Does there exist a symmetric matrix $A$ such that $2^{\sqrt{n}}\le |\operatorname{Tr}(A^n)|\le2020 \ \cdot 2^{\sqrt{n}}$ for all $n$
Does there exist a symmetric matrix $A$ such that $2^{\sqrt{n}}\le |\operatorname{Tr}(A^n)|\le2020 \cdot2^{\sqrt{n}}$ for all $n$?
I think no. The trace of $A^n$ equals $\sum\limits_{i=1}^n\lambda_i^n$ where $\lambda_i$ are the eigenvalues of $A$. Now, if the absolute value of trace of $A$ is bounded below by $2$, then I think the trace of $A^n$ will grow infinitely. Am I right?
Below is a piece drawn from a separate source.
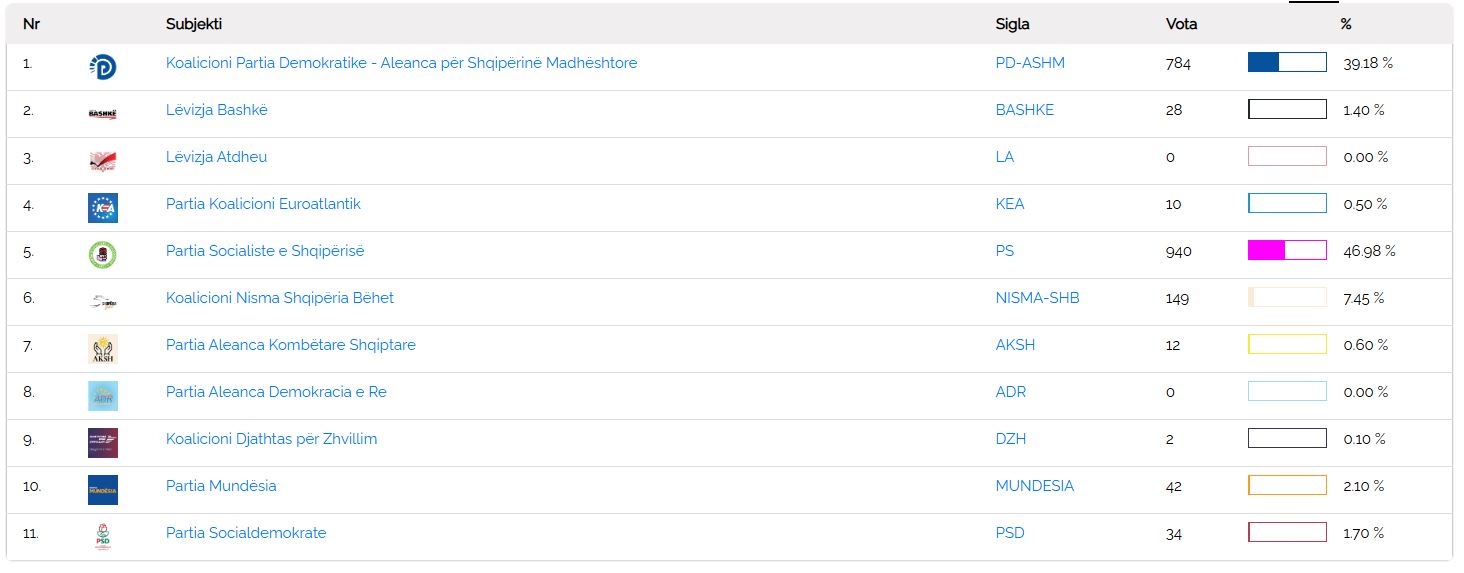 Nga rezultatet paraprake Partia Socialiste është në avantazh me 940 vota. Koaliacioni PD-Aleanca për Shqipërinë Madhështore me 784 vota.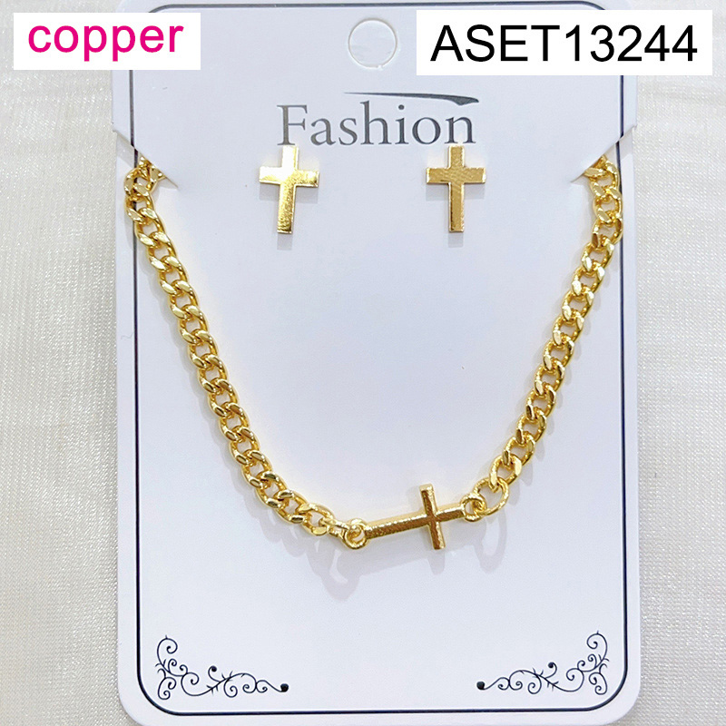 Level B Fashion Jewelry New Trendy Women Jewelry Cross Golden SET;Material:copper (cobre)

Thanks beforehand.
As you said, for a symmetric matrix $A$ we have $Tr(A^n) = \sum_i \lambda_i^n$. Now consider two cases for $\lambda_\max = \max_i |\lambda_i|$:
- $\lambda_\max \le 1$. Then $|Tr(A^n)| \le n$, and which is smaller than $2^{\sqrt n}$ for a sufficiently large $n$.
- $\lambda_\max > 1$. Then for even $n$ we have $Tr(A^n) \ge \lambda_\max^n$, which is greater than $2020 \cdot 2^{\sqrt n}$ for a sufficiently large $n$.